* DATASET SECTION:

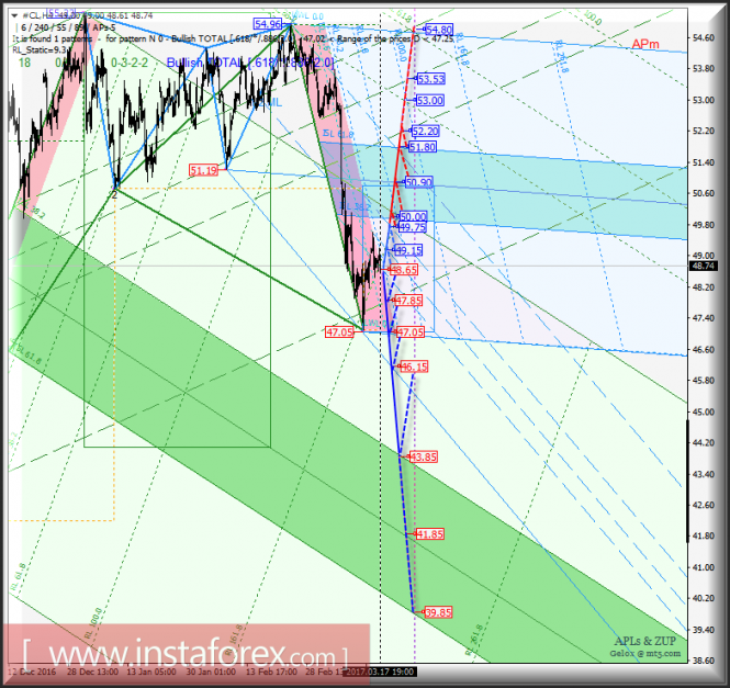 Развитие движения цены инструмента (#CL) в период 20 марта - 03 апреля 2017 г. будет обусловлено отработкой границ канала 1/2 Median Line (48.65 <-> 49.15 <-> 49.75) вил операционного масштаба Minuette.
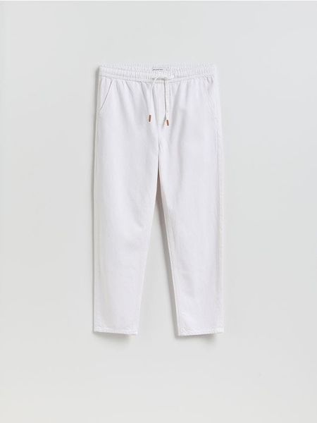 Jeansy typu jogger, wykonane z bawełny, lyocellu i lnu.
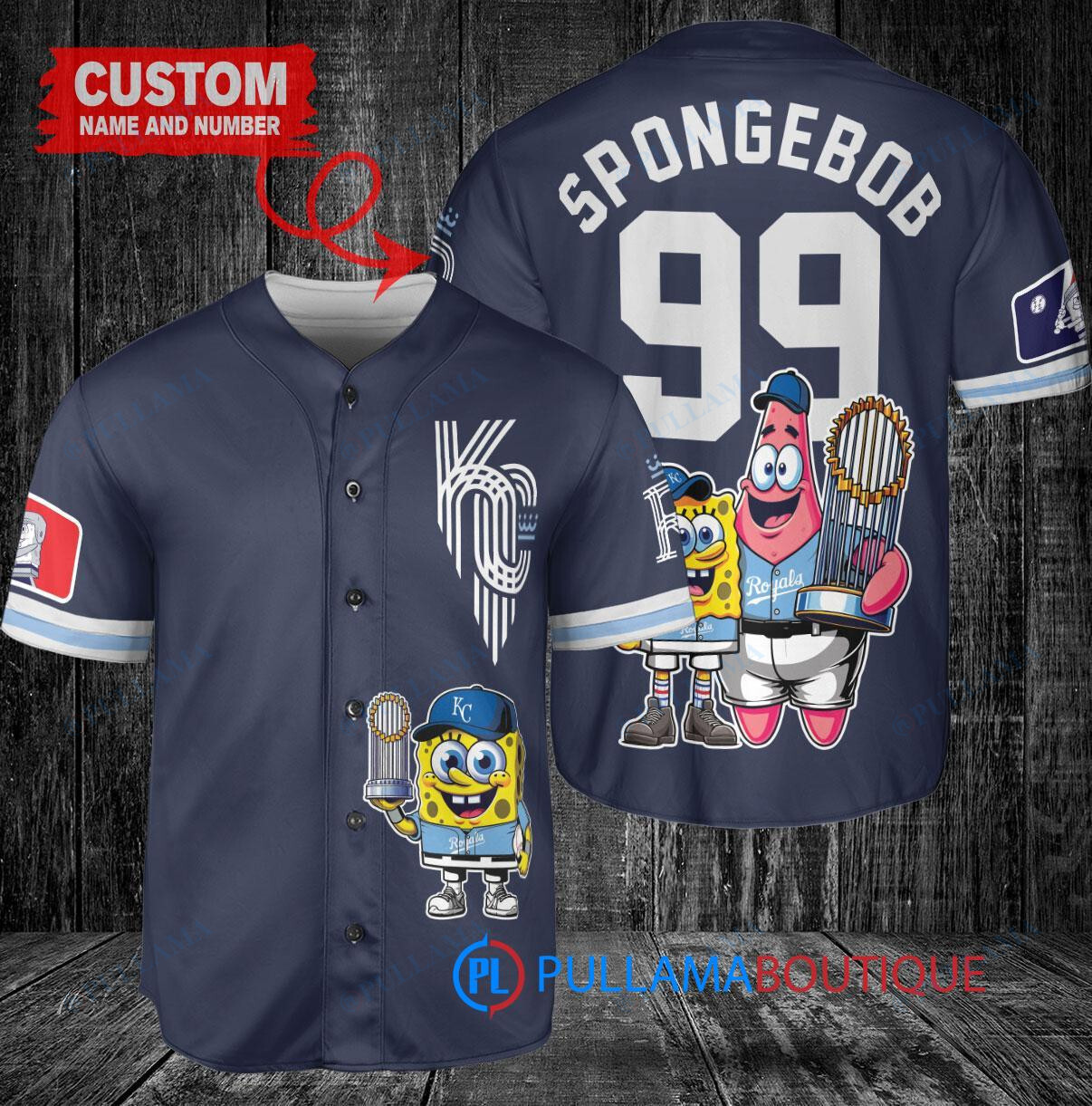 Show off your love for the Kansas City Royals and SpongeBob SquarePants with this custom baseball jersey in navy. Featuring a unique design with the trophy graphic, this jersey is perfect for any fan looking to stand out in the crowd. Made with high-quality materials, this jersey is comfortable to wear at the game or while hanging out with friends. Get your hands on this one-of-a-kind jersey and show your support for your favorite team and cartoon character in style.

* DESCRIPTION OF THE TASK:
Return the full listing above verbatim, please, but without its images.

* ANSWER SPACE:
 Развитие движения цены инструмента (#CL) в период 20 марта - 03 апреля 2017 г. будет обусловлено отработкой границ канала 1/2 Median Line (48.65 <-> 49.15 <-> 49.75) вил операционного масштаба Minuette.
 Jeansy typu jogger, wykonane z bawełny, lyocellu i lnu.
 Show off your love for the Kansas City Royals and SpongeBob SquarePants with this custom baseball jersey in navy. Featuring a unique design with the trophy graphic, this jersey is perfect for any fan looking to stand out in the crowd. Made with high-quality materials, this jersey is comfortable to wear at the game or while hanging out with friends. Get your hands on this one-of-a-kind jersey and show your support for your favorite team and cartoon character in style.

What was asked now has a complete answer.